Vera Carmi (23 November 1914 – 6 September 1969) was an Italian film actress. She appeared in more than 50 films between 1940 and 1956. She was born in Turin, Italy and died in Rome, Italy.

Life and career
Carmi was born Virginia Doglioli in Turin.  After being spotted by the director  Ferdinando Maria Poggioli in a beauty contest, she  made her film debut in 1940, in a supporting role in Poggioli's Goodbye Youth and in a short time she became one of the most requested actresses in the Telefoni Bianchi genre. 

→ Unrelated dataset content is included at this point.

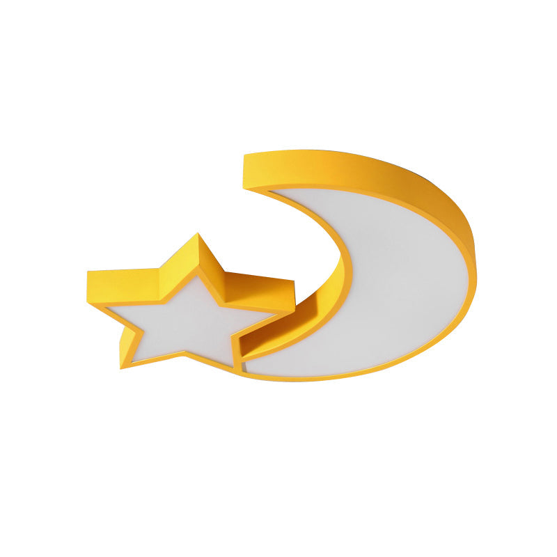 Kids Bedroom Led Ceiling Lamp - Metal Acrylic Flush Mount Light With Star & Moon Design Yellow /

After the war she got critical acclaim for a number of dramatic performances, notably Mario Soldati's His Young Wife and Luciano Emmer's Sunday in August. She was also very active on stage. Gradually cast in less important roles, she eventually retired in the second half of the 1950s.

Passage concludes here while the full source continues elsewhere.